The advice I have for aspiring models is if it’s what you want, go for it with everything you have. I would advise you do think about the consequences of everything you do – is it worth it? Is it the image I want to portray of myself? I totally believe that beauty is individual and everyone is beautiful in their own way. The industry is very demanding in every aspect from your weight or the type of shoot you are doing. I am a Muslim model and people in this industry always like to test what your limits are when they already know them. I believe morals make you who you are and that’s how I decide on what to do. My family are my strongest support and keep well grounded when things seem uncertain. Just keep believing in yourself and go for it!
Do you have any do's and don'ts for aspiring models?

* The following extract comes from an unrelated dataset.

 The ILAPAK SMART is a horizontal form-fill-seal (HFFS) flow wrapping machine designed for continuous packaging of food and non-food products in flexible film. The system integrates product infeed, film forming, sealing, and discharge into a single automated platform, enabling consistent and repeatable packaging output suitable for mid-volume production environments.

Everyone is different and there are clearly things I wouldn’t do that other girls would. That’s life in the modelling business but I honestly believe that there is no one like me; I am unique and know that if I stick to what I think is right for me, I’ll be happy and successful. I mean it hasn’t done me any harm so far!
What are your top tips for looking good?
I would say drink plenty of water, it really helps your skin and hair. I don’t drink enough. Other than that, I can honestly say I am not your stereotypical model where you expect me to be going to the gym 4 or 5 times a week, watching the calories in what I eat etc. I have a very healthy appetite and I walk everywhere so count myself very lucky I don’t have to join a gym or watch my food portions… yet. But my tips would be take care of your skin with a good beauty regime, plenty of sleep and no drinking of smoking.

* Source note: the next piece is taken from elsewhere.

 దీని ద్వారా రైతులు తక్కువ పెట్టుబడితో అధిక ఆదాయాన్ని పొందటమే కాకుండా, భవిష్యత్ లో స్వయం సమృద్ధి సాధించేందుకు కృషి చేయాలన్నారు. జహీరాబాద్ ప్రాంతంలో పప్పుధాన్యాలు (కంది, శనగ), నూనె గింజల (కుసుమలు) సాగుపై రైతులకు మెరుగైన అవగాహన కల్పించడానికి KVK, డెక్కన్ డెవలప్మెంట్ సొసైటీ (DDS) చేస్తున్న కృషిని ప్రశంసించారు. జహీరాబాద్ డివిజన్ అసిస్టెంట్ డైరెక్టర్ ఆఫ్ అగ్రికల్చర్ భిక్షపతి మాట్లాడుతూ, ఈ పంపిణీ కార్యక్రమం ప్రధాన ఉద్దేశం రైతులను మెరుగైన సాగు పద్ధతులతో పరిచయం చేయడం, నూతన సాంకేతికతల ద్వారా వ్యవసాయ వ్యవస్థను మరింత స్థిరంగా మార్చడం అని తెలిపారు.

You've had the chance to model a large variety of Asian bridal wear, if you were getting married this summer, where would you get your outfit from and what would it be like?
This is the question that does baffle me, I have wore every type of Asian bridal wear from couture to very traditional to classic western styles. There are only two ways I would go for; the first being very minimal, natural tones and simplistically stunning so would go to somewhere like Silons or Mongas. The alternative would be very traditional with striking bold colours, beautiful intricate embroidery visible in Seasons and Sana bridal wear.

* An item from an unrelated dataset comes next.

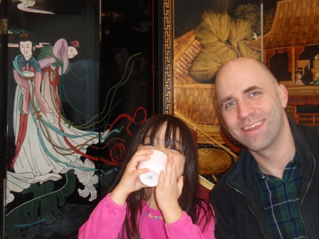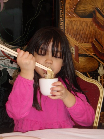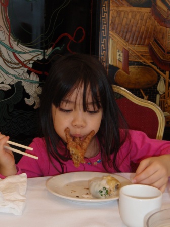 Once inside the restaurant, she enjoys using her chopsticks to eat dumplings and chicken feet.

Tasleem wearing an outfit from Variety Silk House at the Asiana Wedding Show Birmingham
Which do you enjoy more – photo shoots or catwalk shows?
There’s no question; if I am doing a string of shoots I wish I were doing a show and if I am doing a few shows then I wish I had shoots. I have so much fun doing both of these that its impossible to separate them. Photo shoots I enjoy because of the outfits, make up, the people behind the scenes and just being able to capture various emotions in a moment through a picture whereas a show you are able to bring some life to it, interact with others more and have fun with what you are doing.
Do you watch any reality TV modeling programs (eg. Britain's Next Top Model)? and if so, do you think they show a realistic view of the modelling industry?
I really enjoy watching all these modelling programs and do think there are elements of reality to them but you have understand that its such an intense process and done in a short period of time done on a TV program which guarantees management afterwards whereas if you are model outside of that it takes so much more time, dedication and struggle to even get those opportunities. The reality is you have to work hard to be noticed and I think as a viewer particularly the younger generation, can get sucked into all the glamour and naivety of believing that Britains Next Top Model is what modelling is like all the time.
What's the best thing about modelling?
The best things about modelling are the people I get to work with and meet who I can call friends now. I am like every girl so I love the clothes, jewellery and being able to see the new fashion trends before it’s released, the travel opportunities as well as the exposure to different people and networks.
What's the worst thing about modelling?
For me, even though the incredibly early mornings and even later late nights are quite exhausting, I would have to say that you can never really trust people in the industry, it is such a fickle and fierce environment which can really drag you down. Many girls and guys feel the pressure to do or not do certain things which really gives the industry a bad reputation.
What's next for you career-wise? (Where can we expect to see you next?)
I have a few offers to do things on the catwalk and with magazines all in the pipeline. I am going to be doing a lot more mainstream work with fashion and bridal. I am really having fun with what it so I want to keep enjoying it. I have been incredibly fortunate to have done some incredible shoots and the best shows with many designers. My main highlight is making the front cover of Asiana Wedding internationally which in 2 years is quite an accomplishment. It is because of that I have had so many other opportunities have present themselves and I intend to make the most of each one.